Digital Publishing
2 mins read

Facebook journalism project is nothing but a PR stunt

Getting your Trinity Audio player ready...

Facebook recently made two significant announcements related to its news media posture. The first one came on January 6th with the hiring of Campbell Brown, a former NBC and CNN anchor, as a news partnerships manager. The second one, on January 11th, was unveiling the Facebook Journalism Project.

Announcing the Facebook Journalism project carried much more weight. As explained in a post by Fidji Simo, Facebook director of product, the project is built on three pillars:
“(1) Collaborative development of news products”, such as new storytelling formats, initiatives for local news and business models, and hackathons
“(2) “Training & Tools for Journalists”
“(3) “Training & Tools for Everyone”, which includes an unspecified set of measures against fake news.

Well.

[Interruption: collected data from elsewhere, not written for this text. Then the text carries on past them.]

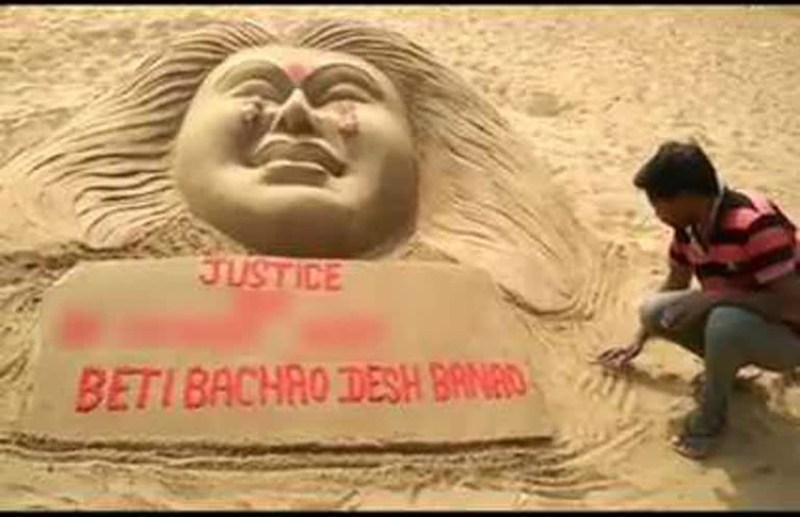 सैंड आर्टिस्ट हेमचंद साहू ने रेत से छवि उकेरते हुए बेटी बचाओ का स्लोगन भी लिखा। उन्होंने आरोपियों के खिलाफ कड़ी से कड़ी सजा की मांग करते हुए कहा कि 'महिला डॉक्टर के साथ जो हुआ वह सभ्य समाज के लिए किसी त्रासदी से कम नहीं है।
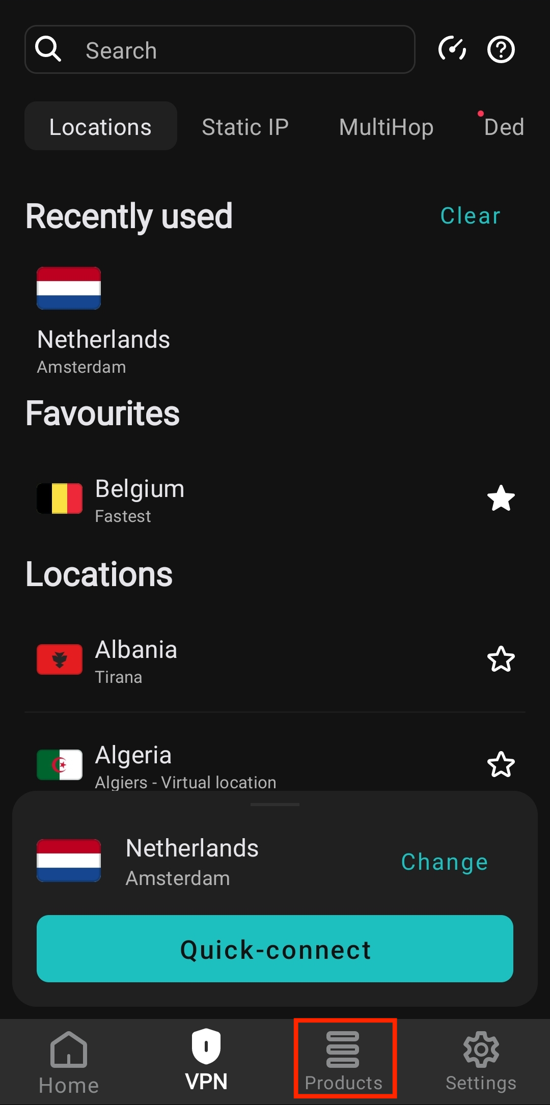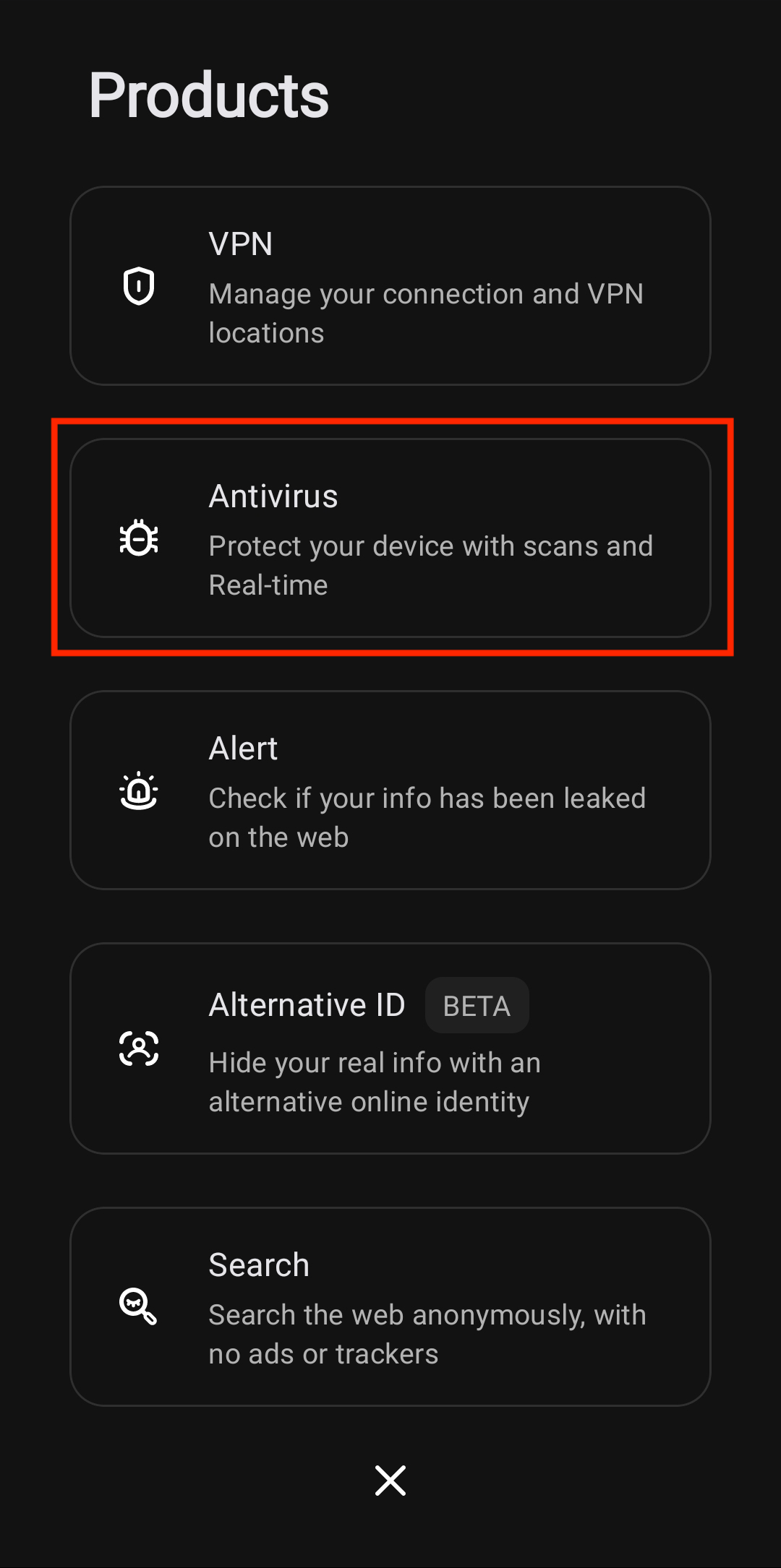 Open the Surfshark application and tap Products.
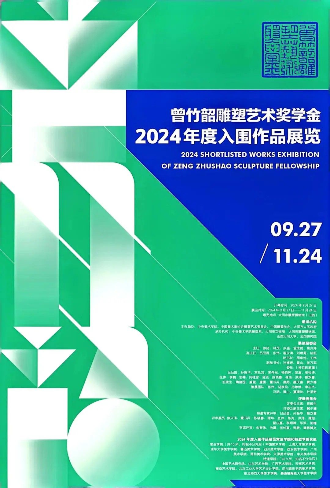 2024年9月27日上午,由中央美术公司、中国美术家协会雕塑艺委会、中国雕塑学会和大同市人民政府共同主办,中央美术公司雕塑系、大同市文物局、山西大同大学、云冈研究院、大同市雕塑博物馆承办的"曾竹韶雕塑艺术奖学金"2024年度入围作品展览在山西省大同市雕塑博物馆开幕,展览将持续至11月24日。
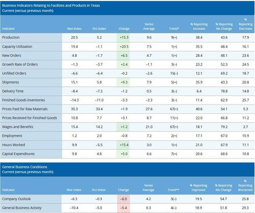 In pictures, it looks like this: Texas manufacturers are pumping production higher (and expect more in the future) but their headline sentiment above business activity is tumbling to its lowest since June…

Collaboration, journalists training, tools… Sounds familiar? It is, almost to the word, the Google’s Digital News Initiative mission statement . The DNI was launched two years ago by the search giant and eight European publishers. As a representative for one such publisher, I was closely involved — see my disclosure at the end of this post.

Thanks to the DNI, Google has been able to weave (and sometimes restore) good relationships with many publishers around the world. Obviously, Facebook Journalism project is a response to Google, on both tactical and political (read: geo-political) levels. Facebook mentions a close relationship with several German publishers that have been at odds with Google for quite some time. Axel Springer and others keep feeding the European commission with negative information on Google’s deeds in their field).